このドラマ、タイトルのイメージを見事に裏切ってくれた感動作でした。家族、友だち、職場の人たち…それぞれの人間関係を円滑にするために大切なことを、たくさん学ばせてもらった貴重なドラマでもありました。
『ふてほど』とはまた違う視点で「多様性の時代」である令和を生き抜くために、昭和のおっさん沖田誠が自らを”アップデート”していくというストーリー。
自分の常識や固定観念を変えていくというのは並大抵の努力では難しいと思われるところ、誠は果敢にそれに挑み、周囲の人たちとの関係性をも着実に”アップデート”していきました。
ただ、第10話、最終話で突然現れた大地の父親・堀内さんの考え方を否定することもできず、”価値観の相違”から生まれる溝を埋めていくことの限界を見せつけられた思いがしました。
かわいいモノ好きの誠の息子・翔が堀内さんから「ご両親は君のことで悩みが耐えないだろうね…同情するよ」という言葉を投げかけられ傷つけられた…誠がそれに怒り対峙するところからスタートした最終回。
これ以上ない正論に、ぐうの音も出ない誠。
学校の友だち-静の”清楚系メイク”にしっくりきていない翔は、メイクを仕事にしたら自分がどう考えているのかを出したらダメなのかと悩み…。
就職に悩む娘・萌は友だちに「大学生活マンガに捧げました」とは言えないと言われ、マンガを描くことを仕事にしたらと想像すると不安になり…。
”推し活”のために頑張ろうとする妻はパート先のお弁当屋さんが閉店するかもしれないと言われ、”推し”のRANDOMと離れてもやっていけるかどうかと悩み…。
誠のナレーションがちょっぴり切なかったです。
会社の先輩・古池さんの言葉も心に響きました。自分を雑に扱ってしまっているかもしれない自分を反省しました。
翔は勇気を出して、自分の思うように静のメイクをさせてもらいました。「人に好きになってもらうのに自分の″根っこ″まで変えなければいけないの?」と。

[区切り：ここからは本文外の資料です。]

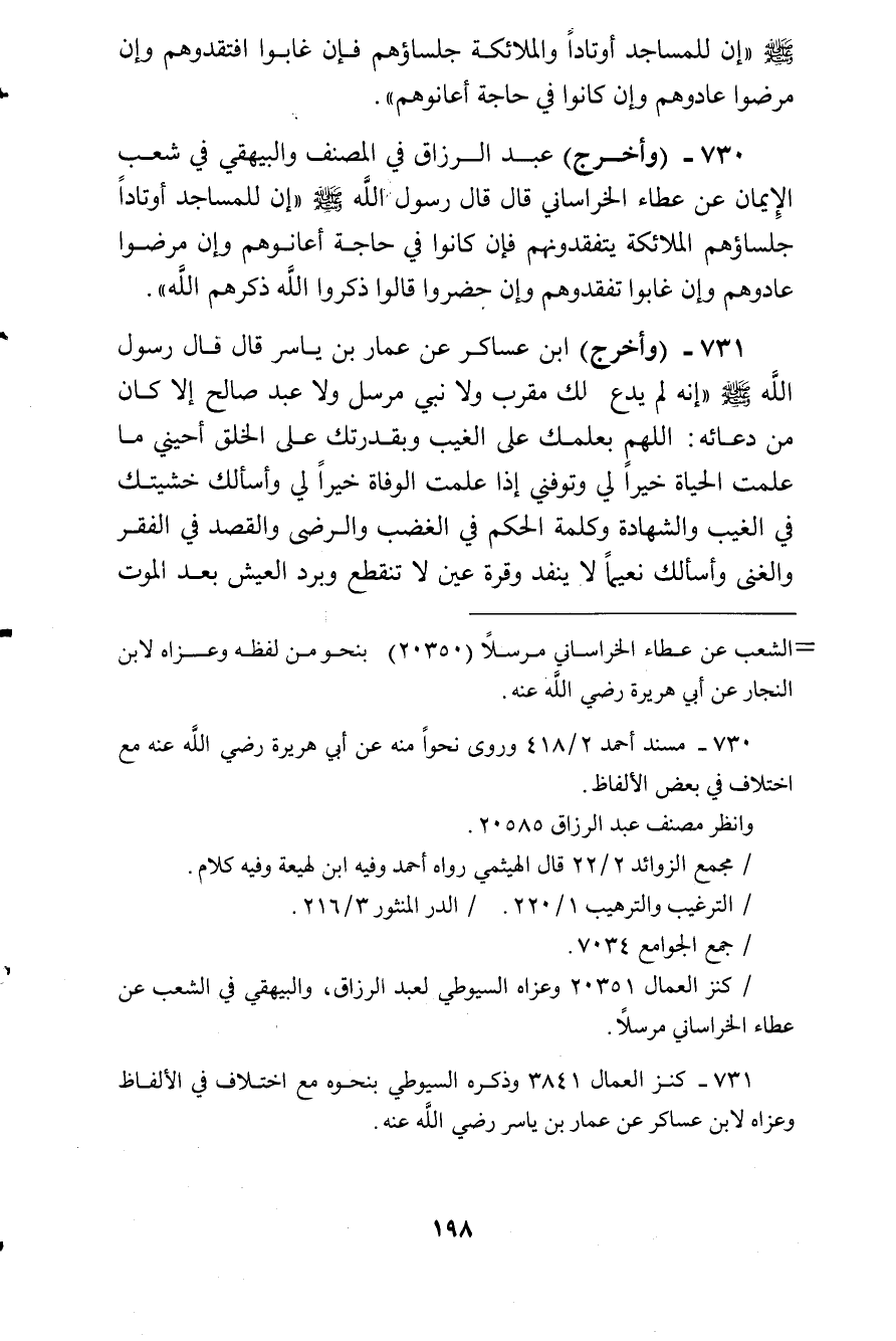 وأخرج عبد الرزاق في المصنف والبيهقي في شعب الإيمان عن عطاء الخراساني قال: قال رسول الله صلى الله عليه وسلم:) إن للمساجد أوتادا جلساؤهم الملائكة يتفقدونهم فإن كانوا في حاجة أعانوهم، وإن مرضوا عادوهم، وإن غابوا اقتقدوهم وإن حضروا قالوا: ذكروا الله ذكرهم الله (.

萌はいつも”引き際”を探しているのに、やっぱりやめられないと好きなマンガの道を邁進することを決めました。
パート先のお弁当屋さんの「お弁当コンテスト」に参加して、いい成績を残せたら正社員に応募しようと決めた妻。
みんな自分の”好き”を貫くために、前向きに突き進むことを決めた沖田家。おせっかいながら大地と円のために、沖田家全員ひと肌脱ぎました。
堀内さんの前で女の子の服を着ていることを明かす翔、マンガ好きを明かす萌、”推し”の存在を明かす妻。
沖田家のおせっかいで、自分の本当の気持ちに改めて気づいた大地。
ラストの大地と円の結婚式。もちろん今の日本では正式に認められてはいない同性婚。それでも、二人を応援する沖田家、大地の母・美穂子と写真に収まる大地と円の満面の笑顔が、自分らしく”好き”を貫いた喜びに満ち溢れていてジーンときました。
こだわりや固執を捨ててみれば、きっと違う世界が見えてくる…。そして自分の”好き”を貫くことは、自分らしく生きるために大切なこと…。
もちろんこれは理想論であって、万人がこうして生きていけるわけではないと分かっています。それでも”好き”をあきらめないことは素晴らしい!と、改めて感じさせてもらえたドラマ『おっさんのパンツがなんだっていいじゃないか!』は、私にとって人生を幸せに生き抜くための教訓がたくさん詰まったバイブルになりました。
「誠のアップデートはまだまだ続く」
必要なら自分自身を”アップデート”して、より幸せに生きるための道を模索して生きていきたいと、今はそんな風に感じています。
長い文章最後まで読んでくださり、ありがとうございました。